SELECT * FROM words WHERE word LIKE '_e__o'

or even

SELECT * FROM words WHERE word LIKE '____s'

I always know the exact length of the word, but all but a single character are potentially unknown.

This is slower than molasses, about fifteen times slower than a similar query without the leading wildcard because the index for the column cannot be used.

I've tried a few methods to narrow the scope of the search. For example, I've added 26 additional columns containing each word's individual letter counts and narrow the search using those first. I've also tried narrowing by word length. These methods made almost no difference, thanks to the inherent inefficiency of leading-wildcard searches. I've experimented with the REGEXP statement, which is even slower.

SQLite and PostgreSQL are just as limited as MySQL, and though I have limited experience with NoSQL systems, my research gives me the impression that they excel at scalability, not performance of the kind I need.

My question then, is where should I look for a solution? Should I continue trying to find a way to optimize my queries or add supplementary columns that can narrow my potential recordset? Are there systems designed specifically to accomplish fast wildcard searching in this vein?

Upvotes: 11

Views: 2880

Answers (8)

pguardiario
pguardiario

Reputation: 54984

A quick way to get it down by a factor of 10 or so is to create a column for string length, put an index on it, and use it in the where clause.

Upvotes: 1

Dark Castle
Dark Castle

Reputation: 1299

You can index this query fully without having to scan any more than the size of the result set which is optimal.

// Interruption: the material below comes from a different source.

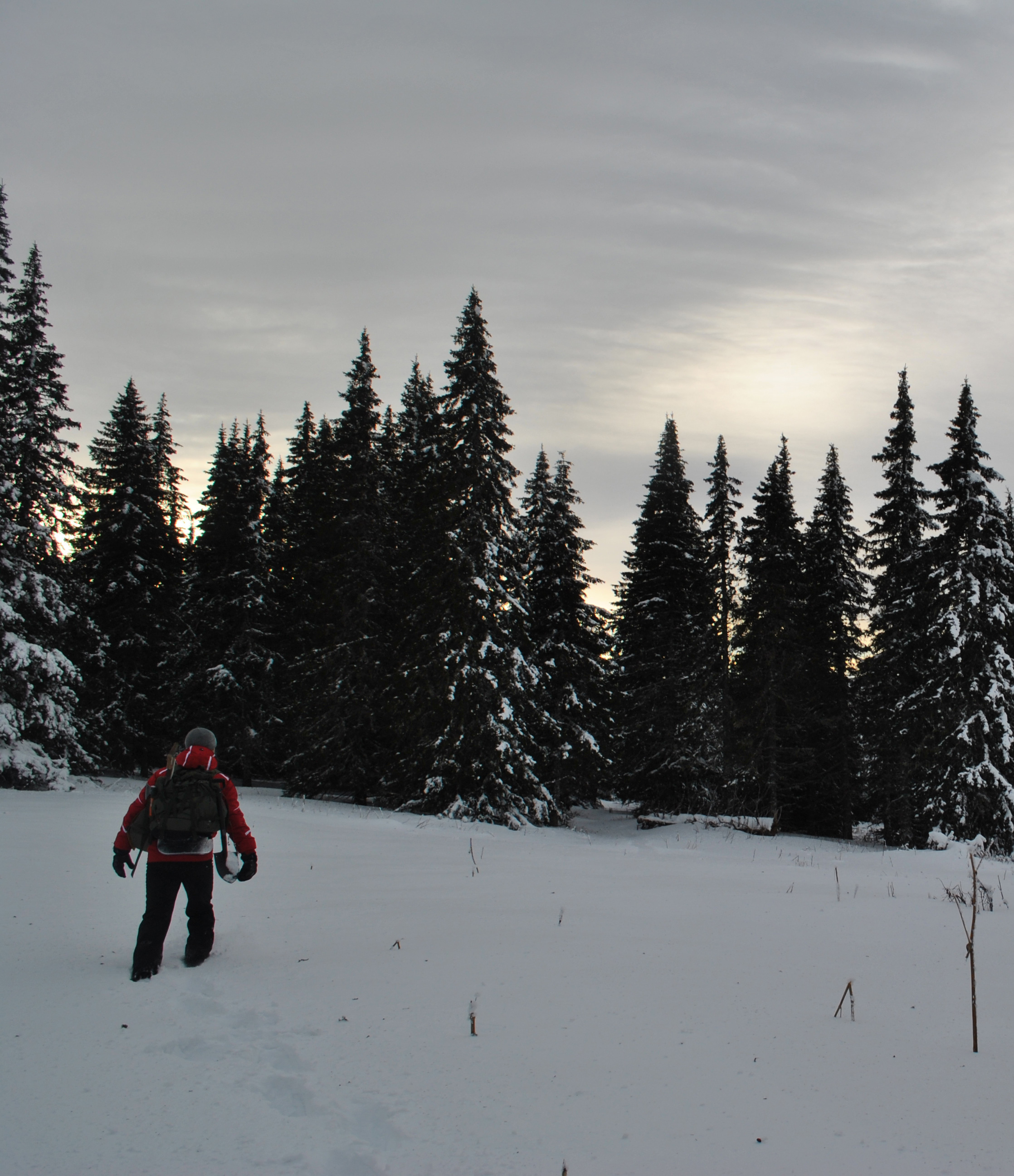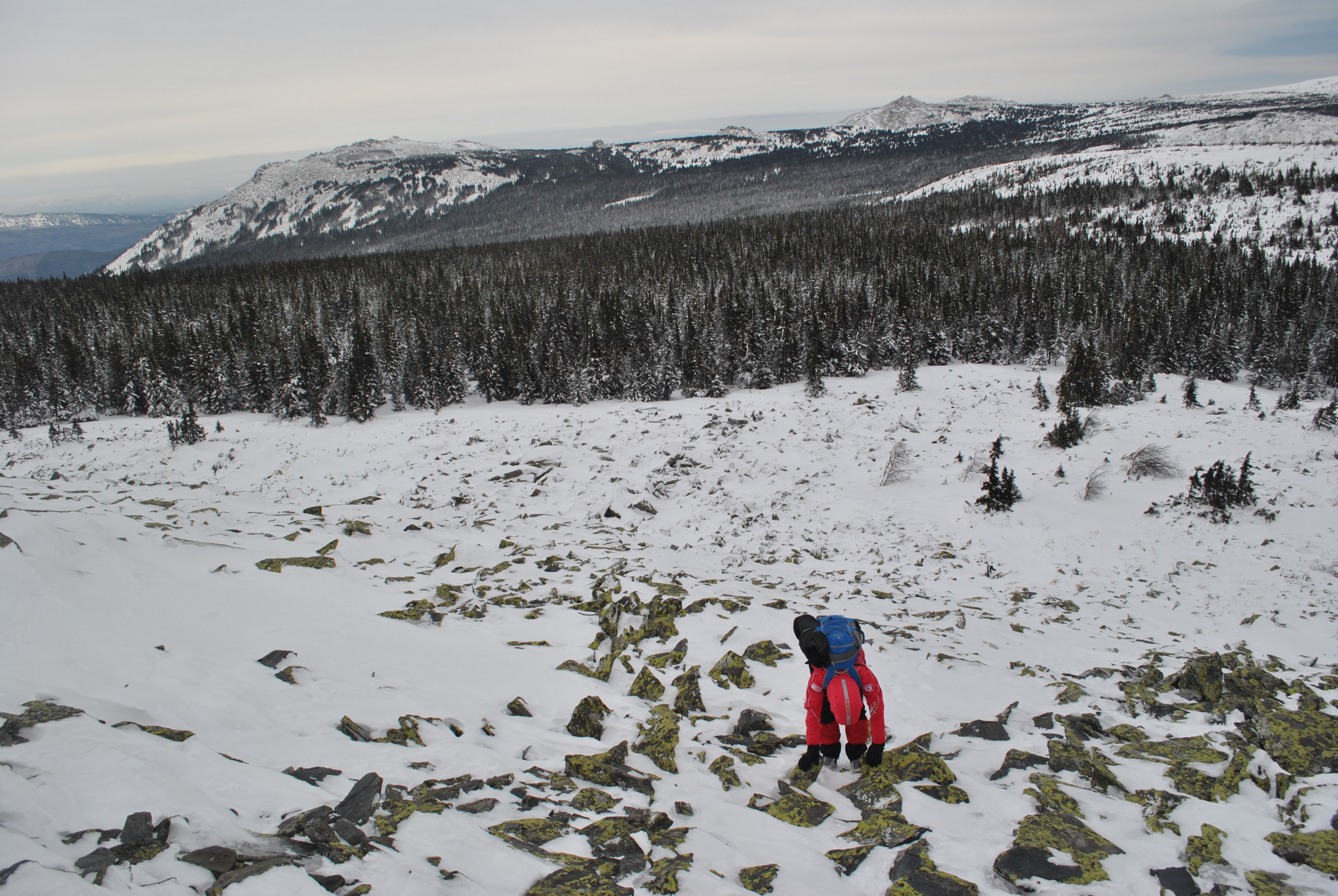 Т.к. в январе на вершине будет холодно, и скорее всего, холодный ветер, на долго там не задержимся, спускаемся обратно. И идём обратно, но в том месте, где мы вышли к подножию горы Большого, сворачиваем на Малый Иремель.

Create a lookup table like so:

Table:  lookup
pattern     word_id
_o_s_       1
_ous_       1
...

Which references your word table:

Table:  word
word_id     word
1           mouse

Put an index on pattern and execute a select like so:

select w.word
from lookup l, word w
where l.pattern = '_ous_' and
l.word_id = w.word_id;

Of course you'll need a little ruby script to create this lookup table where pattern is every possible pattern for every word in the dictionary. In other words the patterns for mouse would be:

m____
mo___
mou__
mous_
mouse
_o___
_ou__
...

The ruby to generate all patterns for a given word could look like:

def generate_patterns word
  return [word, '_'] if word.size == 1
  generate_patterns(word[1..-1]).map do |sub_word|
    [word[0] + sub_word, '_' + sub_word]
  end.flatten
end

For example:

> generate_patterns 'mouse'
mouse
_ouse
m_use
__use
mo_se
_o_se
m__se
___se
mou_e
_ou_e
m_u_e
__u_e
mo__e
_o__e
m___e
____e
mous_
_ous_
m_us_
__us_
mo_s_
_o_s_
m__s_
___s_
mou__
_ou__
m_u__
__u__
mo___
_o___
m____
_____

Upvotes: 1

ypercubeᵀᴹ
ypercubeᵀᴹ

Reputation: 115530

This is more of an exercise than a real-life solution. The idea is to split the words into characters.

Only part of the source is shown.